- [PROBLEM TO SOLVE]
In the records below, find the line with "Рулетка 8м х" and repeat exactly every line from it through the line with "Разия, ателье по". Pictures stay out.

::: DATA FOR THE TASK

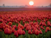 Een veld met rode tulpen die kleurig zijn bij een zonsondergang
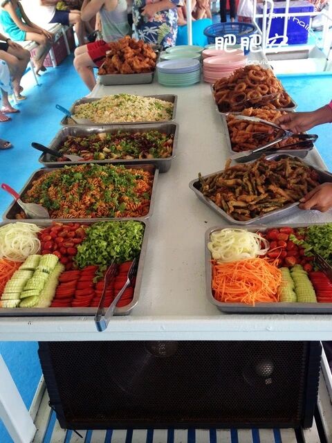 船上的自助午餐,感觉到大家就是监狱里放出来的饿死鬼
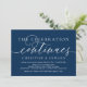 Moderno minimalista romântico Caligrafia Simples Script Azul-Marinho, cartão de convite de casamento fuga (A celebração continua). É perfeito para o anúncio do seu casamento fuga e celebração da festa, após o seu melhor dia. Adicione seus detalhes em fonte / letra preta correspondente.
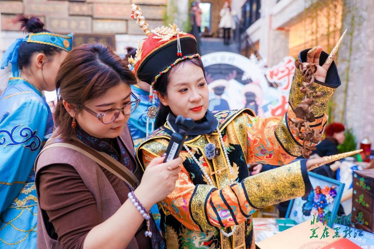 黑河的展位则带来了极具边境特色的文创产品与特产,黑河爱辉区的满族剪纸技艺展品、文创冰箱贴和农特产品琳琅满目,蓝莓果干、蔓越莓果干等试吃产品果香浓郁,赢得市民连连称赞。
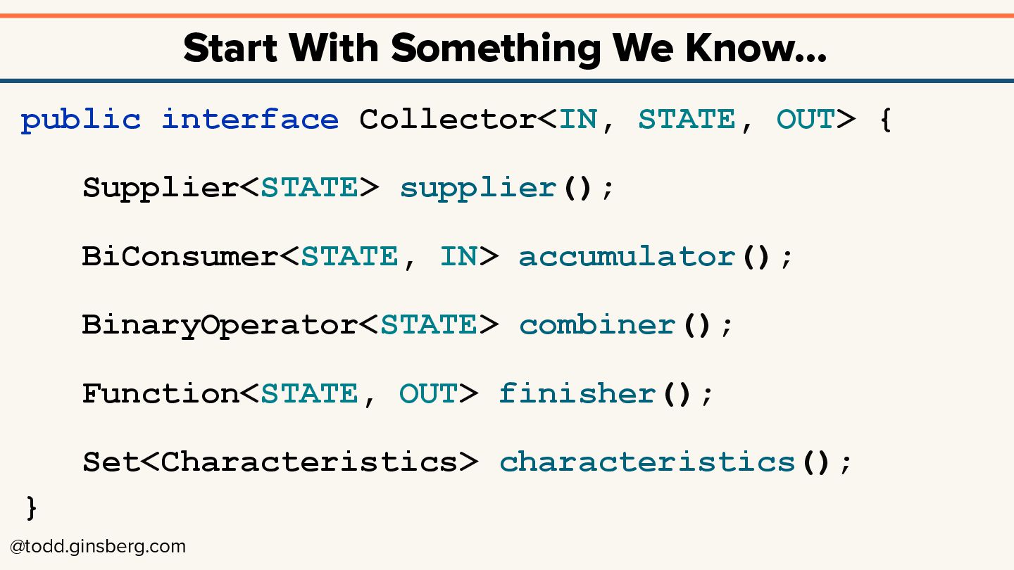 IN> accumulator(); BinaryOperator<STATE> combiner(); Function<STATE, OUT> finisher(); Set<Characteristics> characteristics(); } Start With Something We Know…
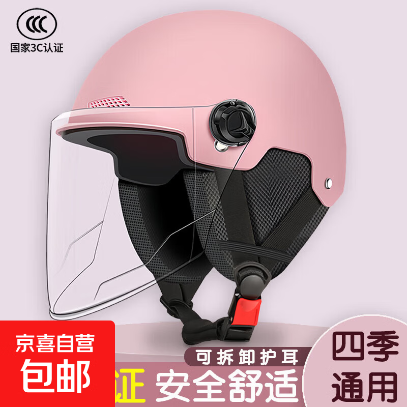 3C认证电动车头盔四季通用轻便半盔秋冬季带护耳防风保暖安全帽电动摩托车男士女生骑行头盔 带护耳-樱花粉
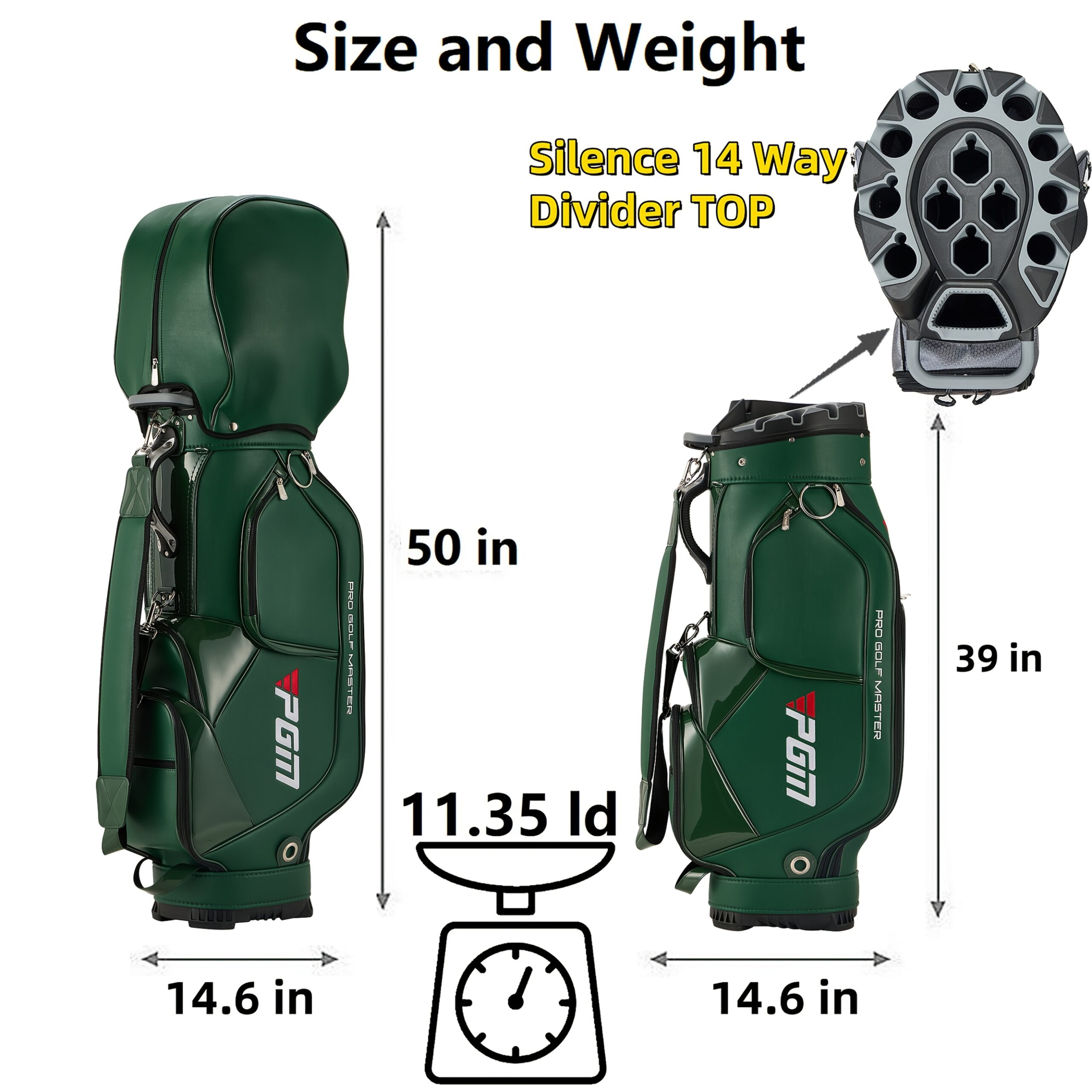 PGM Golf Cart Bag with 14 Way Organizer Divider Top
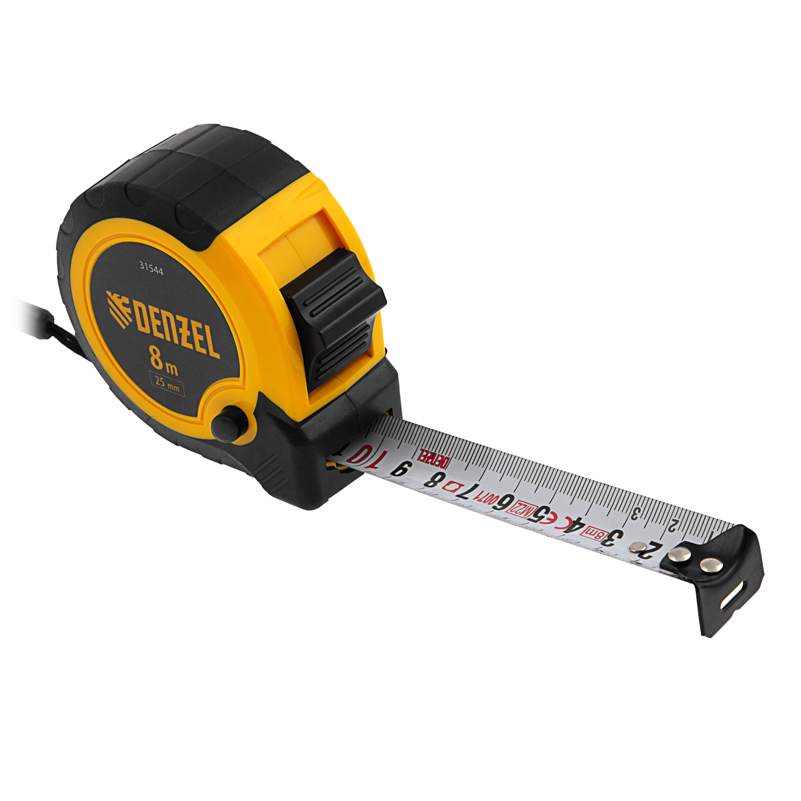 Рулетка 8м х 25мм, двухкомп. корпус, кнопка-пауза Denzel
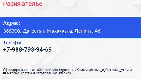 Разия, ателье по адресу 368300, Дагестан, Махачкала, Ленина, 46 в дальнейшем Организация, размещена в следующих категориях:
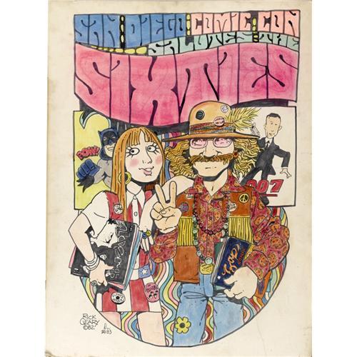 <B>Rick Geary - San Diego Comic Con Program Cover Original Art (1982).</B></I> If any one comics artist could be associated with the annual Comic Con held every summer in San Diego, it would have to be Rick Geary. Geary, who hails from San Diego, designed the convention's colorful Toucan logo; he also can be found there each year, tucked away in the Artist's Alley section. This incredible (and huge -- measuring a hefty 30" x 40"), colorful poster-like program cover salutes the 1960s, and features a typical "odd couple" from that era -- she's a mod, with Doors albums, Beatles buttons, and "pressed" hair; he's a long-haired hippie, with a copy of <B>Zap Comix</B></I>, "love beads," and a groovy paisley shirt. The art is done in markers on heavy illustration board, and is in Very Good condition. Far out, man!

::::::

- [WRITTEN RESPONSE]
 Рулетка 8м х 25мм, двухкомп. корпус, кнопка-пауза Denzel
 Разия, ателье по адресу 368300, Дагестан, Махачкала, Ленина, 46 в дальнейшем Организация, размещена в следующих категориях:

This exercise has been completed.